EPSilon: Efficient Point Sampling for Lightening of Hybrid-based 3D Avatar Generation
Abstract
The rapid advancement of neural radiance fields (NeRF) has paved the way to generate animatable human avatars from a monocular video.
However, the sole usage of NeRF suffers from a lack of details, which results in the emergence of hybrid representation that utilizes SMPL-based mesh together with NeRF representation. While hybrid-based models show photo-realistic human avatar generation qualities, they suffer from extremely slow inference due to their deformation scheme: to be aligned with the mesh, hybrid-based models use the deformation based on SMPL skinning weights, which needs high computational costs on each sampled point. We observe that since most of the sampled points are located in empty space, they do not affect the generation quality but result in inference latency with deformation. In light of this observation, we propose EPSilon, a hybrid-based 3D avatar generation scheme with novel efficient point sampling strategies that boost both training and inference. In EPSilon, we propose two methods to omit empty points at rendering; empty ray omission (ERO) and empty interval omission (EIO). In ERO, we wipe out rays that progress through the empty space. Then, EIO narrows down the sampling interval on the ray, which wipes out the region not occupied by either clothes or mesh. The delicate sampling scheme of EPSilon enables not only great computational cost reduction during deformation but also the designation of the important regions to be sampled, which enables a single-stage NeRF structure without hierarchical sampling. Compared to existing methods, EPSilon maintains the generation quality while using only 3.9% of sampled points and achieves around 20 times faster inference, together with 4 times faster training convergence.
Method Overview
EPSilon proposes an efficient point sampling strategies in the avatar generation based on the monocular video, which results in comparable results to the state-of-the-art models while reducing the inference latency significantly.
Results
Along with the input image, we visualize the reconstructed image with RGB representation and mesh representation. Moreover, we show the depth image of the mesh, and obtained $T_n$ and $T_f$ together for the better understanding.

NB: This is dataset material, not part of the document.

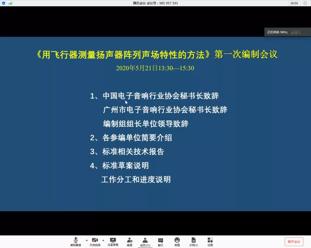 【又訊】 2020年5月21日下午,由廣州飛達(dá)音響股份有限公司和中國傳媒大學(xué)牽頭,中國電子音響行業(yè)協(xié)會和廣州市電子音響行業(yè)協(xié)會共同推動制定的《用飛行器測量揚聲器陣列聲場特性的方法》團(tuán)體標(biāo)準(zhǔn)編制組首次會議順利召開。

We visualize (ground truth, rendered image, mesh representation, $D(M')$, $T_n$, $T_f$), respectively, in the figure above. $T_n$ and $T_f$ indeed find the appropriate interval using $D(M')$.
In the figure above, we visualize the novel view generation and novel pose generation of four subjects in People Snapshot datasets. While achieving 20 times faster rendering speed compared to the baseline, our model robustly generates the novel contents of given subjects.